To understand why Verizon just paid $4.4 billion for AOL, you need to clarify exactly what kind of business AOL is. As CEO Tim Armstrong said in his memo today, AOL is a media company, with well-known brands like Huffington Post, Engadget, and TechCrunch under its umbrella. It also, unbelievably, still has a wildly profitable subscription business, a vestige of the dial-up days when it mailed people CD-ROMS and introduced them to the internet. But its fastest growing business is in advertising technology, and that is what Verizon wants to leverage.
Before he was running AOL, Armstrong was a top sales executive at Google, which helped pioneer online ad exchanges with its DoubleClick division. Over the past few years, he brought that same approach to AOL, creating a real-time bidding platform that helps marketers buy space for their display and video ads on digital properties across the web. Revenue from this business grew at over 40 percent last November and 21 percent in its most recent quarter. By contrast, ad sales across its own properties has grown far slower, and sometimes fallen. “The megatrend of video shifting online is just beginning and will drive consolidation through the ecosystem,” says tech investor Rick Heitzmann.
“Verizon’s buy of AOL will cause some head-scratching among people who are stuck thinking that every industry is an island. Why would a wireless provider want to buy an online media site?” said Forrester analyst James McQuivey. “But the deal makes sense in a way that Comcast’s intra-industry urge to buy Time Warner did not: With this move, Verizon will become a global media player, extending its reach to hundreds of millions more people than it could in its current business, at a much lower cost than trying to acquire a different network provider.”
While most people think of Verizon as a mobile operator and cable company, it already has a large business in mobile advertising. It knows an awful lot about its customers, and helps marketers to target various demographics. Here’s a quick explainer from Verizon’s FAQ on its ad business:
“When you use your mobile device, you often see ads on websites and apps. Using information we have from customers, we help marketers reach audiences with more relevant messaging.The information we use for this program includes the postal address we have for you and certain consumer information such as your device type and language preference, as well as demographic and interest categories obtained from other companies. This information might include your gender, age range, and interests (i.e. sports fan, frequent diner, or pet owner). In addition, we will use an anonymous, unique identifier we create when you register on our websites. Some examples of Relevant Mobile Advertising could include: For a local restaurant that wants to advertise only to people who live within 10 miles or for a retailer advertising to people who have visited its website online, we help enable these ads to mobile devices on our network.”

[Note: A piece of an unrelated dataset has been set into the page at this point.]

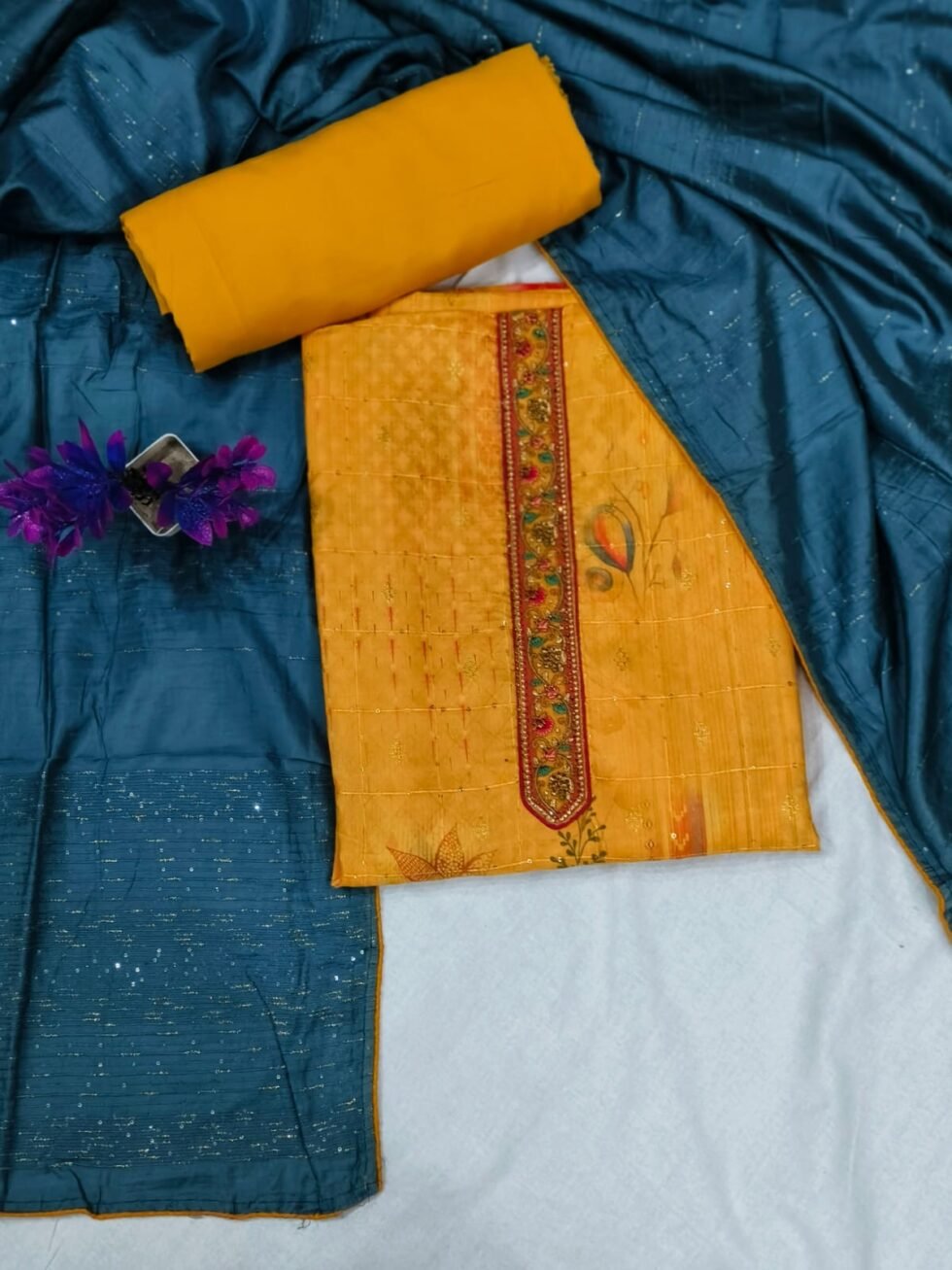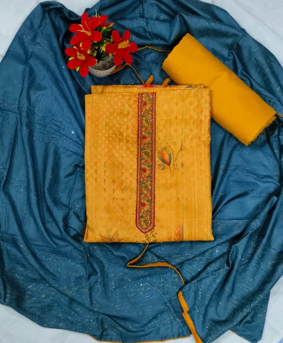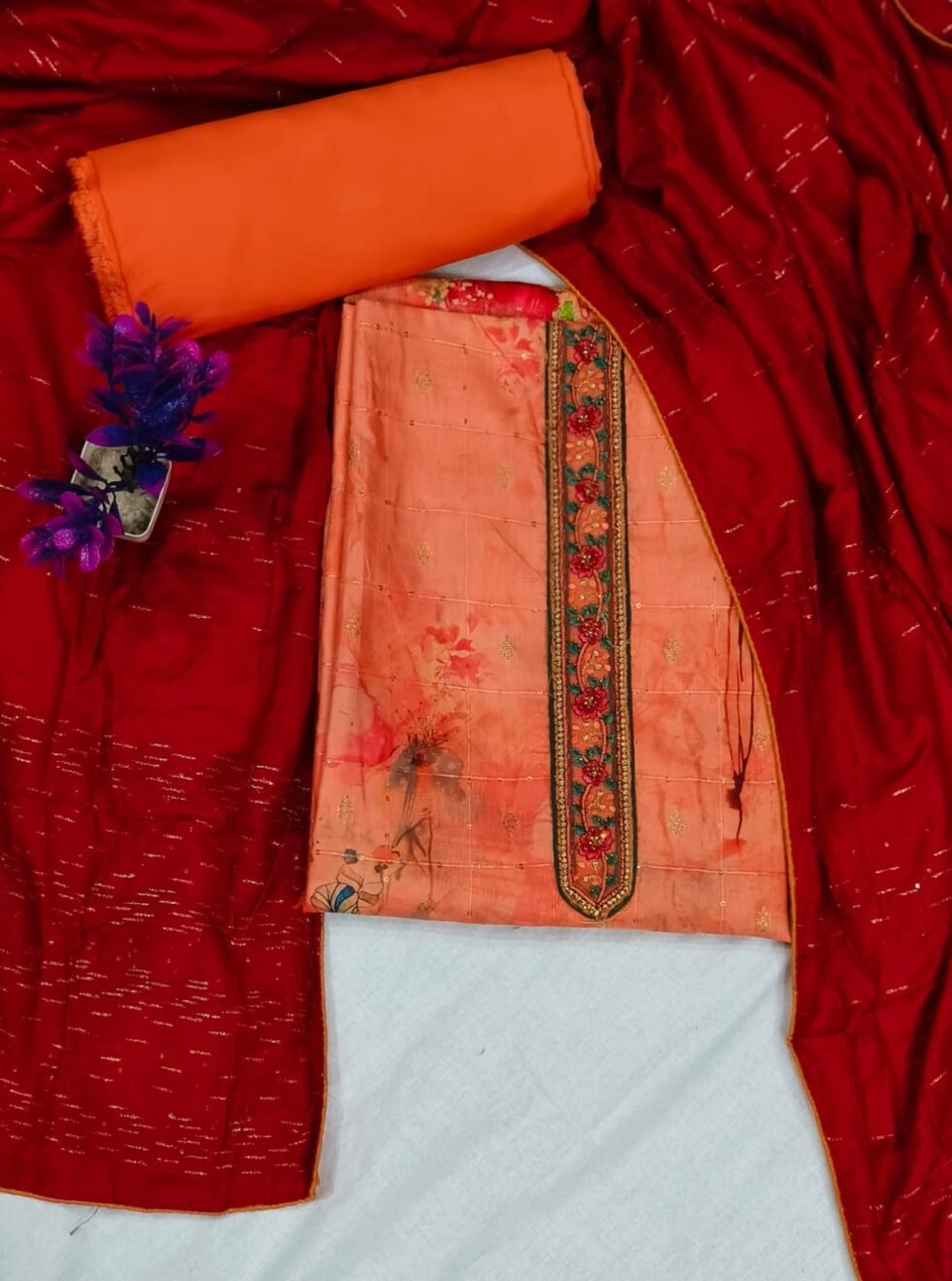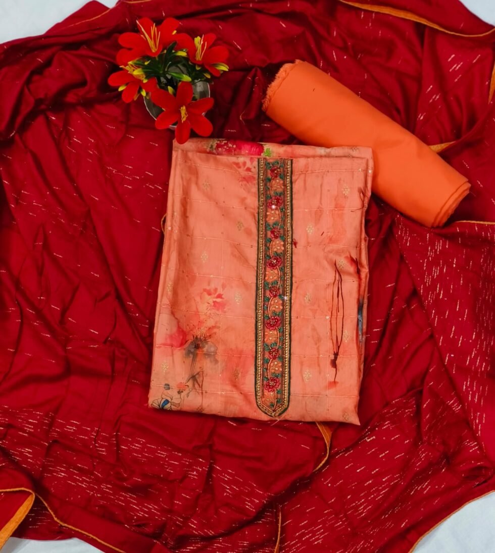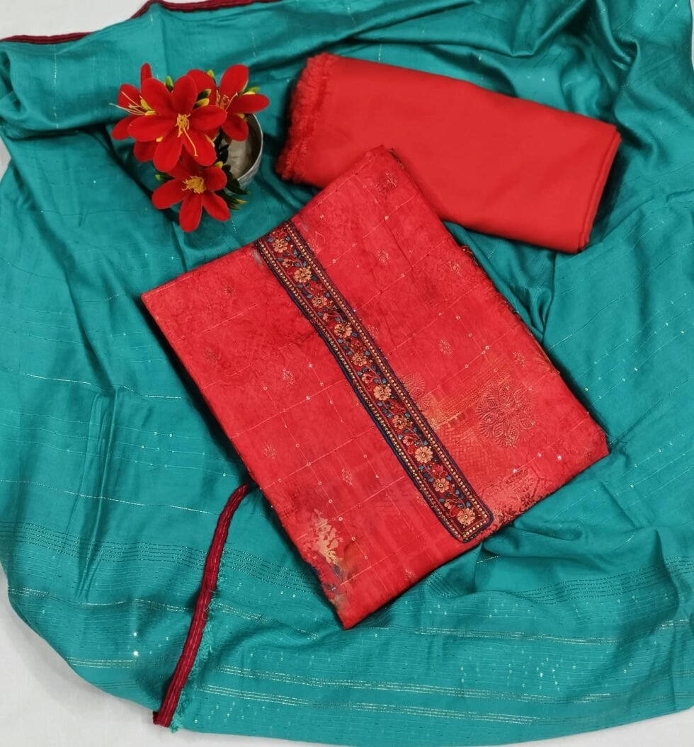Command attention with the dramatic colour pairing of our Striking Red and Turquoise Embroidered Unstitched Suit Set. This gorgeous three-piece ensemble is designed for festive celebrations and special events, offering a perfect blend of bold colour, intricate detailing, and traditional charm. The main kurti fabric is a vibrant deep red with a subtle self-print, texture, or shimmer woven throughout, giving it a rich, luxurious feel. The highlight of the top is the beautifully designed neckline placket, which features intricate multicolour embroidery in shades of blue, gold, and red, adding a sophisticated, finished touch to the kurti. The embroidery is concentrated on the placket, creating an immediate focal point. The set includes a generous length of fabric for the bottom in a solid bright red, which is often a matching material like shantoon or cotton silk, providing a harmonious balance to the patterned top. This versatile bottom can be custom-tailored into a salwar, churidar, or trousers. Completing the bold look is the stunningly contrasting Turquoise blue dupatta. This fabric has a beautiful sheen and features subtle, woven horizontal stripes or texture, possibly with a hint of gold or silver zari, making it shimmer gracefully. The contrast between the deep red and the vibrant turquoise is contemporary and eye-catching. This designer unstitched suit provides the freedom for a customized fit while delivering a high-impact, glamorous ethnic look, perfect for a wedding guest or any grand occasion.

A number of former AOL employees shared the opinion this morning that Verizon would quickly move to spin out or close down the owned and operated media brands, focusing on the ad tech instead. Over at Recode, Peter Kafka got a few quick quotes from Armstrong, who left the door open to that possibility. And analysts concur.
“After Verizon sells off the bits it doesn’t want or need, like the Huffington Post, it will actually have acquired a decent customer list at relatively low cost per head,” says McQuivey. “Not to mention advertiser relationships and ad selling and measurement technology it would have taken years to build. The net of this deal is good for Verizon.”
Verizon said it expects the deal to close this summer, pending regulatory approval. Like the merger of Comcast and NBC Universal, this deal would combine a major content company with a network operator who owns the pipes. That kind of potential for conflict, especially around net neutrality, is another reason Verizon may want to spin out some of the media business. (Comcast had to make net neutrality concessions through 2018 to win approval.)
Verizon has also made plans to launch its own streaming video service this summer, focusing on delivering video to mobile devices and perhaps going over the top into your living room. As Verizon CEO Lowell McAdam said in today’s press release on the purchase, his company has been “strategically investing in emerging technology, including Verizon Digital Media Services and OTT, which taps into the market shift to digital content and advertising. AOL’s advertising model aligns with this approach, and the advertising platform provides a key tool for us to develop future revenue streams.” AOL trails only Google and Facebook in terms of the number of people it reaches through online video.
The irony of all this is that when AOL merged with Time Warner back in 2000, it had a similar vision. At that point AOL was playing the role of Verizon, the connector charging a monthly subscription to access a network. Time Warner was the media giant who would provide amazing synergies for advertising. That $183 billion mega-merger turned into one of the most infamous boondoggles in the history of corporate America. For all the talk of a tech bubble today, no matter how this deal goes, it will cost shareholders a lot less money than it did during the dot-com era.